- #1
kravky
- 22
- 3
I am trying to estimate probability of loosing (probability of bankrupt ##Pb##) using Martingale system in betting.
I will ilustrate my problem on the following example:
Let:
##p## = probability of NOT getting a draw (in some match)
We will use following system for betting:
1) We will bet only on draws (probability of draw in a match = ##1-p##)
2) If we loose our bet, next bet will be doubled.
3) We have limited amount of money
Lets assume:
##k## = max. number of matches in a row without a draw (streak of ##k## matches without a single draw = no draw in ##k## matches), that we can handle with our money.
So ##k+1## matches in a row without draw would mean bankrupt. ##k## represent something like a limit for us.
##n## = number of matches we will bet on. usually ##n >k##.
My question is, what is the probability of bankrupt (##Pb##) for given ##k, n## - it means - what is probability of getting streak of at least ##k## matches in a row without a draw (there will be no draw in ##k## matches), supposing betting on ##n## matches.
Lets consider, for exapmle, following values:
##p = 0.75## (probability of draw is ##1-p = 0.25##)
##k = 15## (maximum number of "NO" draws streak is ##k =15##)
##n = 200## (we will consider a sample of 200 matches)
i tried to calculate it, but i am not sure my solution is correct:
i derived following formula:
## Pb = 1-(1-p^k)^{ (n/k)} ## .
My solution aprroach:
Probability of not getting a draw in k matches in a row is ##p^k##.
probability of getting at least 1 draw in ##k## matches is ##1 - p^k##.
Probability of getting at least 1 draw in every ##n/k## attempt is ##(1-p^k)^{ (n/k)} ##.
Probability of getting no draw (streak without a draw) at least in one of the ##n/k## attempt is ## Pb = 1-(1-p^k)^{ (n/k)} ##
It works at least when ##n/k## is integer. Value ##n/k## is like number of "attempts" in my calculation which i think does not have to represent reality very well.
For given values
##p = 0.75##
##k = 15##
##n = 200##
i found that ##Pb = 0.16##.
It seems quite low for me.
Is my solution correct or it is more complex problem ? Is streak an independent event like I assumed or it should be treated as not the independent event - maybe something analogous to random walk process ?
If it is not correct, what is correct approach?

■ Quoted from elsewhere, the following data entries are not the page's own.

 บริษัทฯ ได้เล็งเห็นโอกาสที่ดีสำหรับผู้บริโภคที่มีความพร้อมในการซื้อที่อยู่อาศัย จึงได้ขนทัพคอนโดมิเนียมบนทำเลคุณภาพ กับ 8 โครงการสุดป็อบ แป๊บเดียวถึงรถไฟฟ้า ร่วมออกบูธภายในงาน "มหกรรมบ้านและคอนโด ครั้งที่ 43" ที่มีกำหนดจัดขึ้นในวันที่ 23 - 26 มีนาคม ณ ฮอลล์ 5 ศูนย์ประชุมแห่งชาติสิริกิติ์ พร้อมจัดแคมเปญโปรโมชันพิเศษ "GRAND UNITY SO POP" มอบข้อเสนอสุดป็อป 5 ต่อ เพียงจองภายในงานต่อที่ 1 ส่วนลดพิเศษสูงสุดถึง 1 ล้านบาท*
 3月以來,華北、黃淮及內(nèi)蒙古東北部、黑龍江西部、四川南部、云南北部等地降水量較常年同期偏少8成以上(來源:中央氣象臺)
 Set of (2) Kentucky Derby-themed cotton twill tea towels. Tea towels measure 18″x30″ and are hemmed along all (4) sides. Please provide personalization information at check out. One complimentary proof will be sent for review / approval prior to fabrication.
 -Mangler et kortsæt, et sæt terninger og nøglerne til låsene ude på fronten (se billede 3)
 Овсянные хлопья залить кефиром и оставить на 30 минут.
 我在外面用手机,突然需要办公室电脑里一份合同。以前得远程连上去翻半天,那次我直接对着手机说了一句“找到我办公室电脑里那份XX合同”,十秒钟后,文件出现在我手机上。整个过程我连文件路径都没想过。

Should we use e.g. Markov chain (discrete time Markov chain like here https://wizardofodds.com/image/ask-the-wizard/streaks.pdf) ?
i would be very grateful if someone could present solution using discrete time Markov chain.

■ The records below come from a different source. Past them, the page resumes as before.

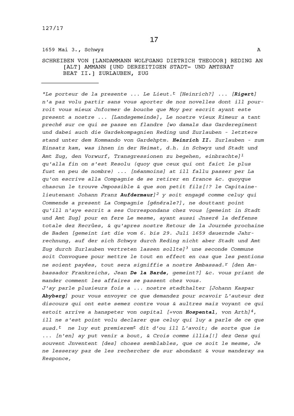 Schreiben von Wolfgang Dietrich Theodor Reding, Landammann, an Beat II. Zurlauben, Altammann und Stadt- und Amtrat, Zug
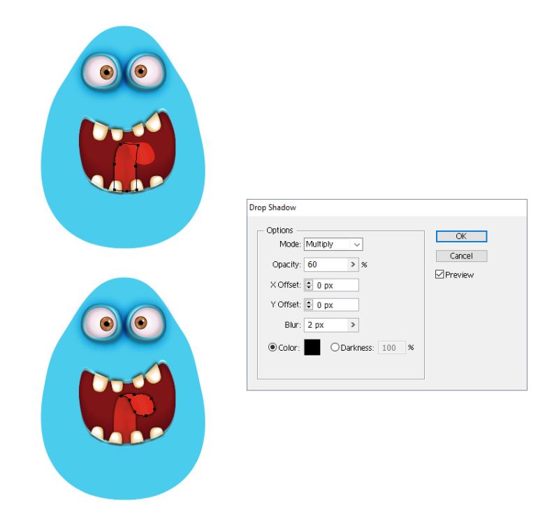 选择舌头的两个部分并使用所示设置应用阴影效果。
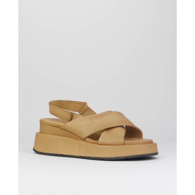 Sandalia cuña mujer Mjus. Fabricado en piel con forro de piel, Sandalia de cuña de 2.5 cm de altura y suela de 3.5 cm de altura. Suela forrada en piel. Cierre velcro.
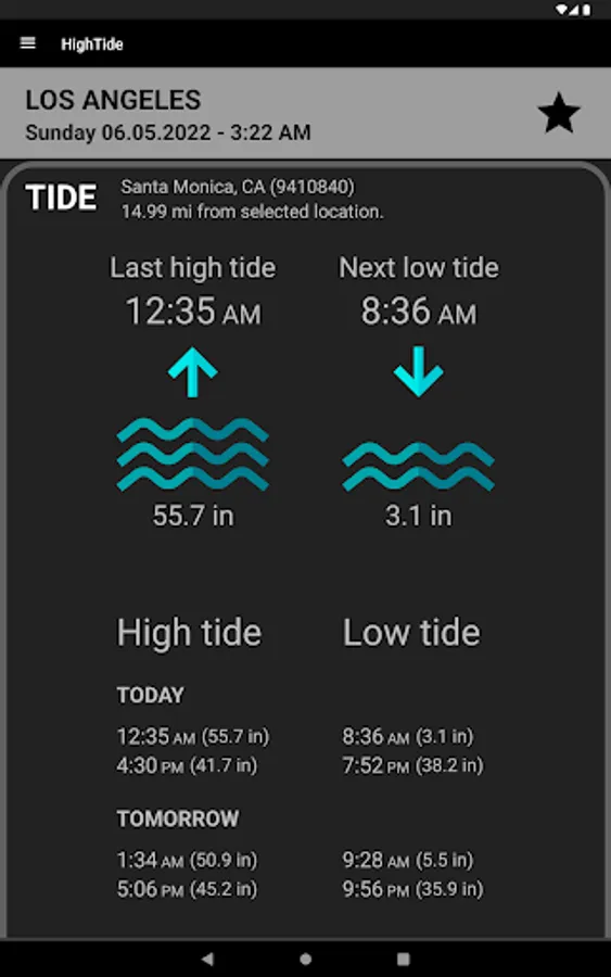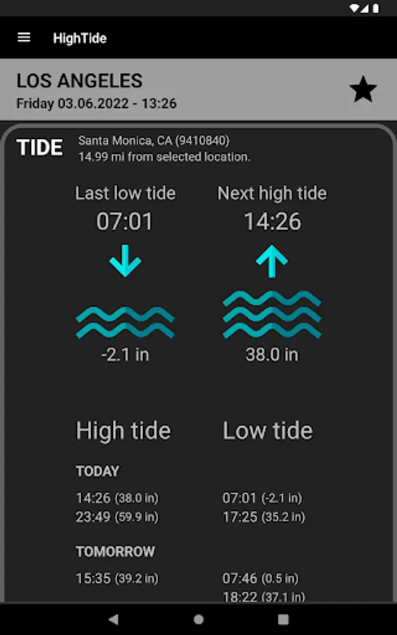 - Time table for high and low tides for today and tomorrow

I will ilustrate my problem on the following example:
Let:
##p## = probability of NOT getting a draw (in some match)
We will use following system for betting:
1) We will bet only on draws (probability of draw in a match = ##1-p##)
2) If we loose our bet, next bet will be doubled.
3) We have limited amount of money
Lets assume:
##k## = max. number of matches in a row without a draw (streak of ##k## matches without a single draw = no draw in ##k## matches), that we can handle with our money.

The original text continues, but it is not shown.